An investor monitors trading at the Nairobi Securities Exchange. PHOTO | FILE
By JOSEPH THOGO, jthogo@deloitte.com
In Summary
- Even though the taxman ranks as an unsecured creditor, it does not apply for all taxes. The hierarchical order does not apply to transactional and agency taxes such as VAT, excise duty, PAYE and withholding tax.
- An argument can be made that changes in a firm’s capital structure do not change the corporation’s overall value. Indeed, from an economic point of view it should make little difference whether the corporation raises funds through debt or equity.
To say that corporate Kenya has in the recent past taken a beating would perhaps be an understatement.
With listed companies issuing profit warnings, a number of
entities reporting record losses and some going into administration,
the prognosis has not been very been positive.
A while back, the print media was also inundated
with a number of publicised bailouts of listed companies by their
shareholders and even by the government.
Corporate issues of shares and debt are simply
alternative methods of raising corporate capital. Equity arises where
shareholders fund the company in exchange for shares while loans come
about where the company borrows against its assets. Whether these have
been in the form of debt or equity would not really matter from a
finance perspective.
An argument can be made that changes in a firm’s
capital structure do not change the corporation’s overall value. Indeed,
from an economic point of view it should make little difference
whether the corporation raises funds through debt or equity.
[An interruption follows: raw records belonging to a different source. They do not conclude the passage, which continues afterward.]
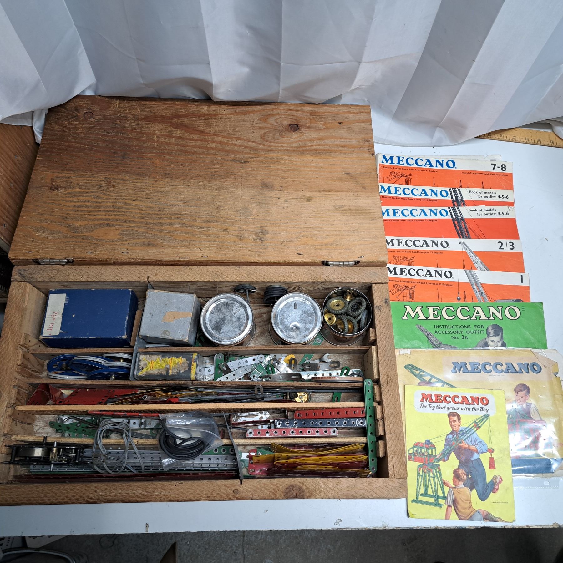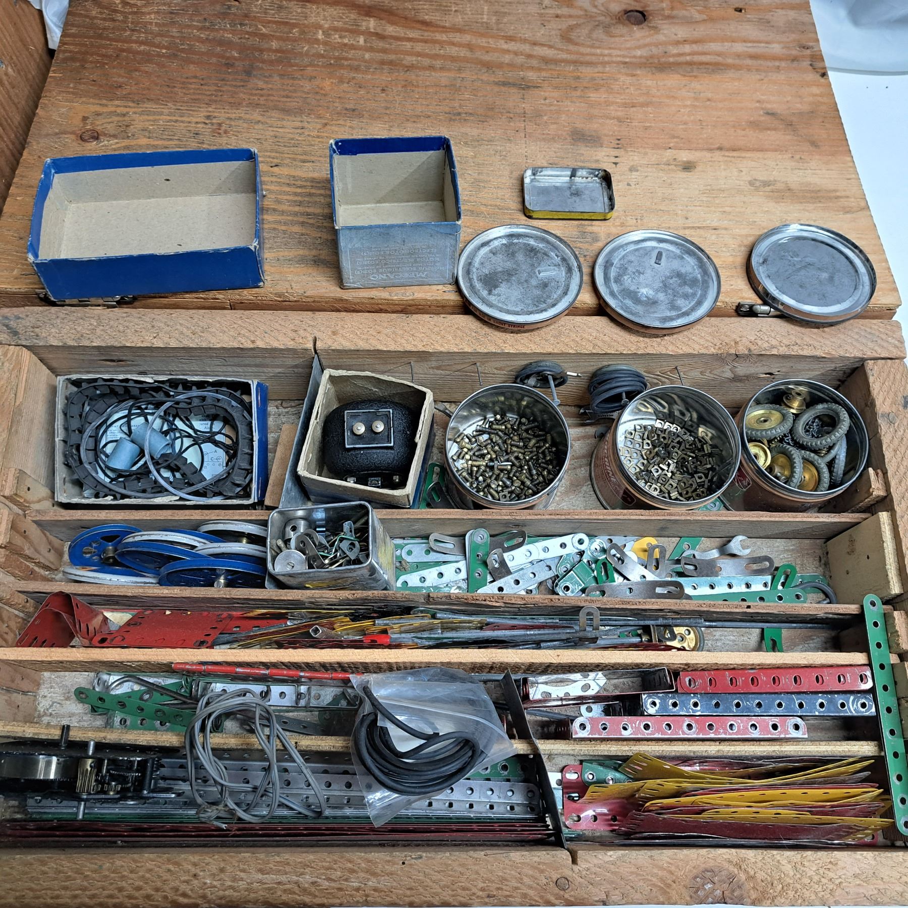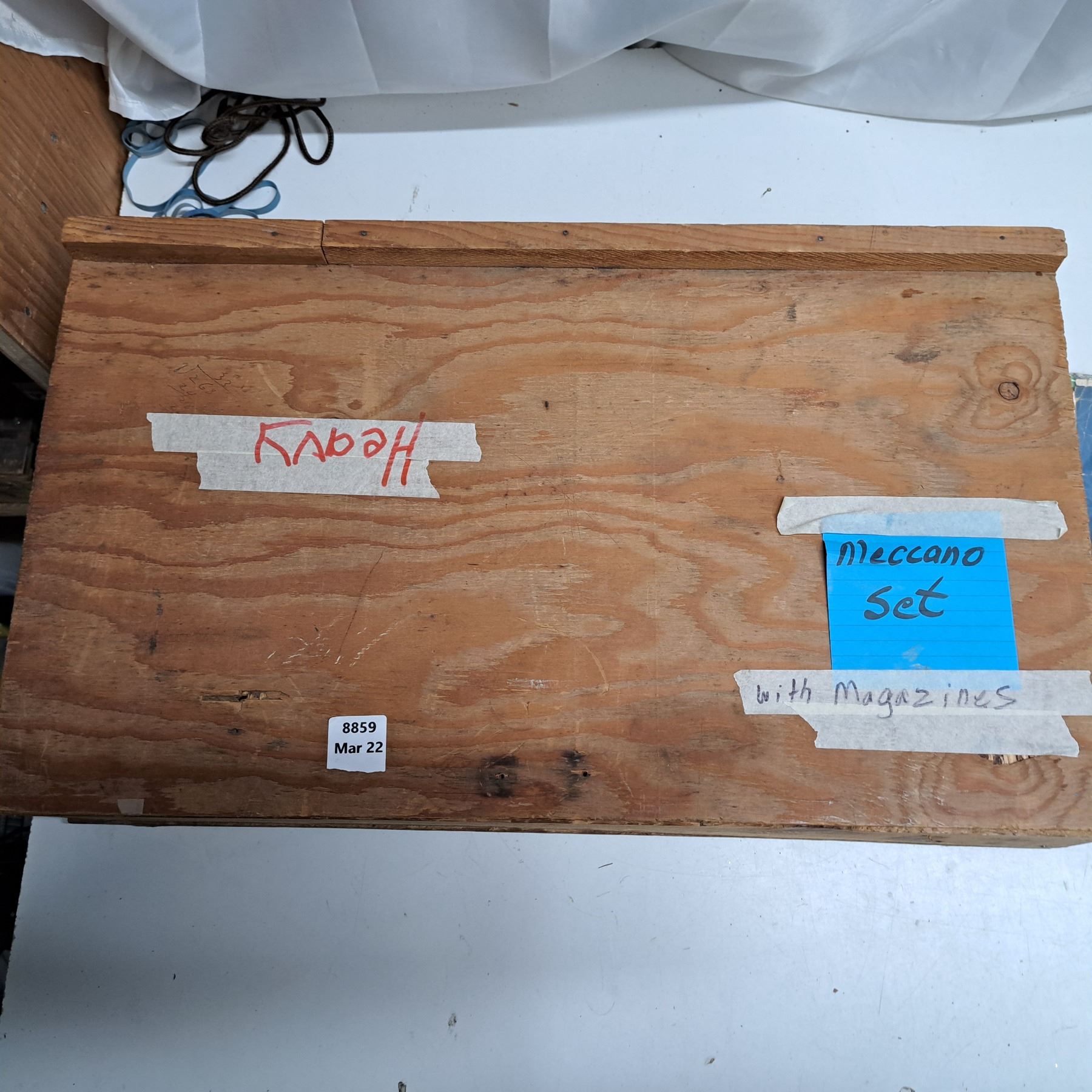 8 maccano magazines and maccano set of electric parts and metal parts in custom wood box
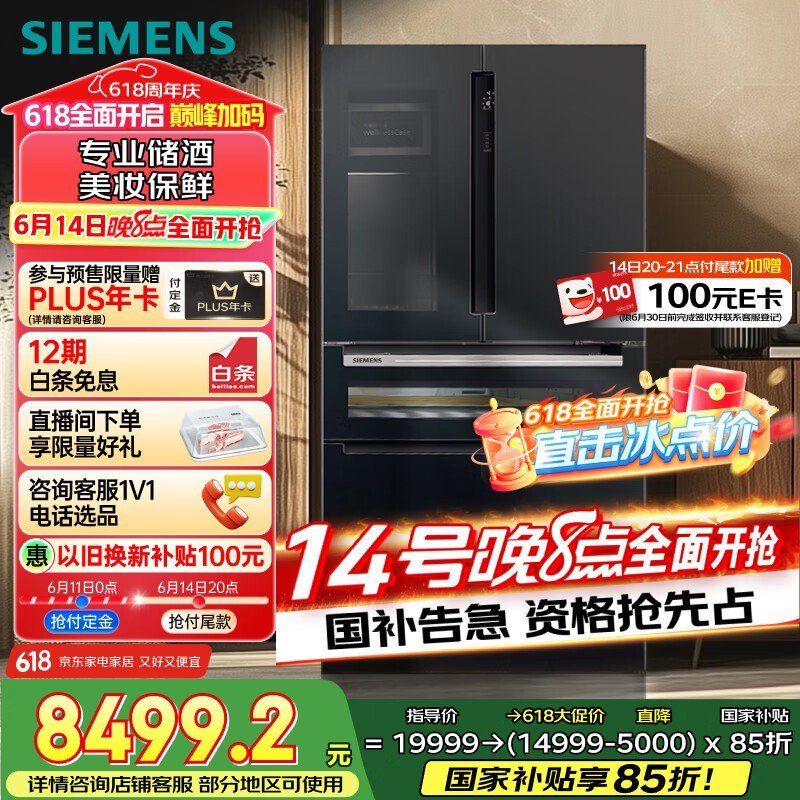 西门子KF96FPB50C 567L冰箱京东促销低至9499元
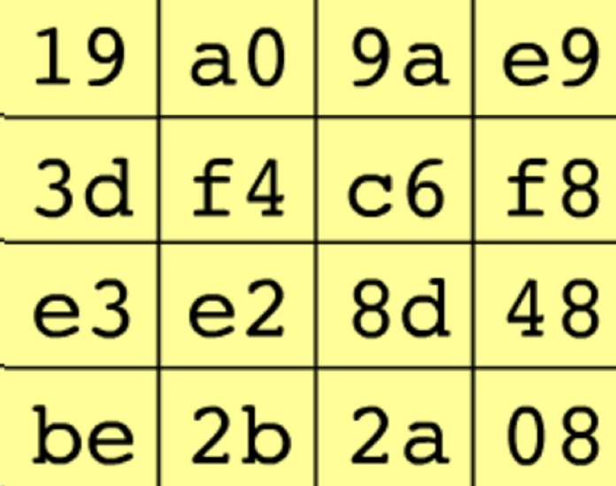 输入状态:是一个4×4的数组,数组内每个元素由输入的明文分组组成,按照列进行排序,比如输入的明文数据为193de3bea0f4e22b9ac68d2ae9f84808,则输入状态为
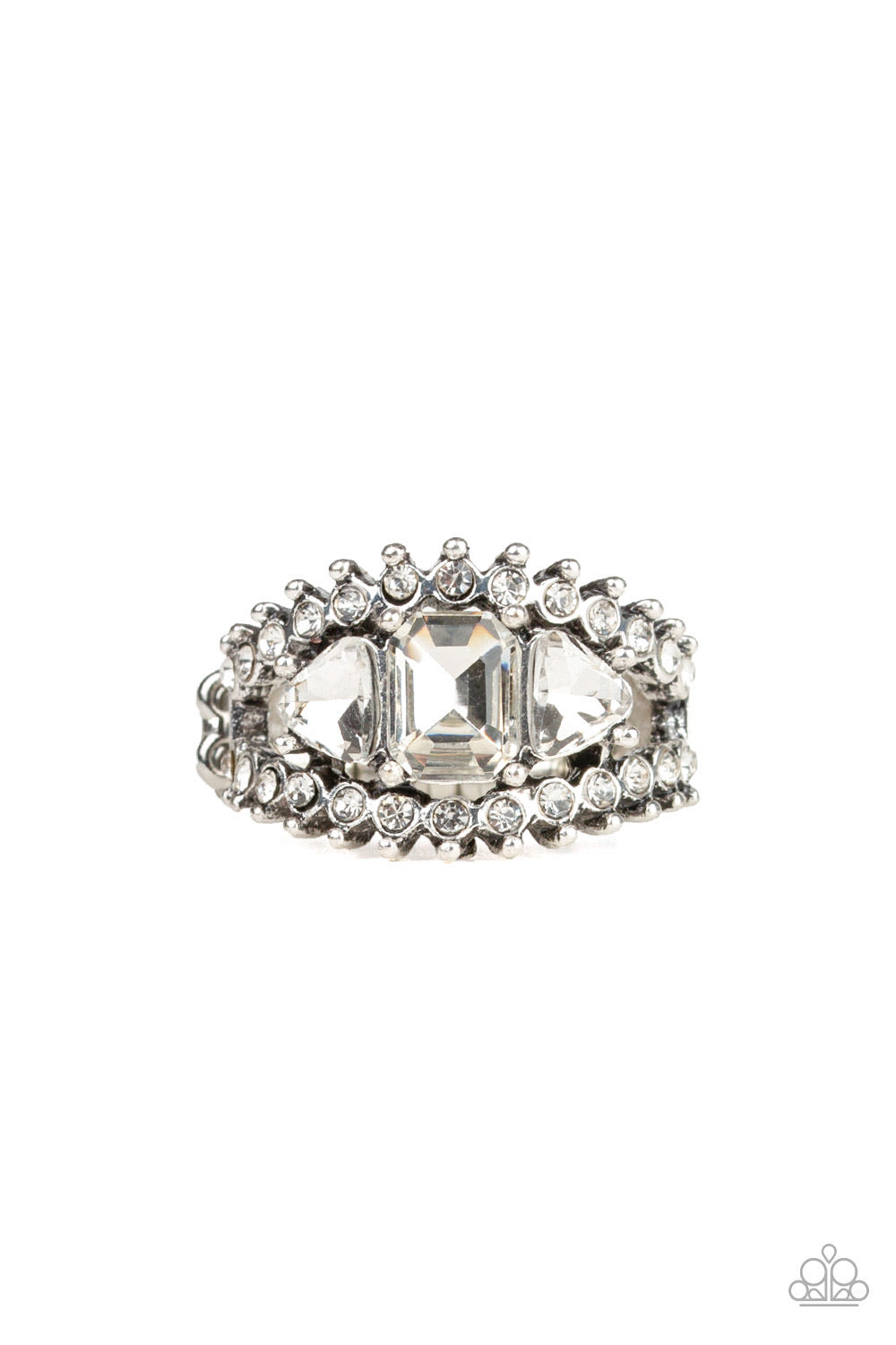 Featuring triangular and emerald style cuts, three white gems are encrusted along the center of a studded silver band stacked with dainty white rhinestones for a glamorous edge. Features a dainty stretchy band for a flexible fit.
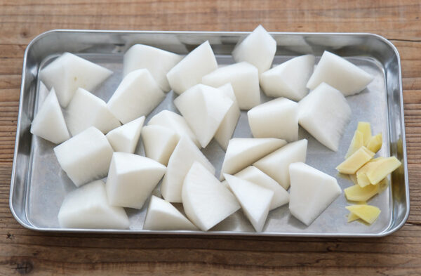 大根は食べやすい大きさに切る。しょうがは薄切りにしてから半分に切る。

Why, then, should there be any difference in the
tax treatment of debt and equity? Why does it matter? The unintended
consequences of all these are losses that impact all those involved from
a tax perspective—the entity, its shareholders and those who lent it
money.
When a company goes into administration, the
administrator is required to operate under certain guidelines provided
under the recently enacted Insolvency Act.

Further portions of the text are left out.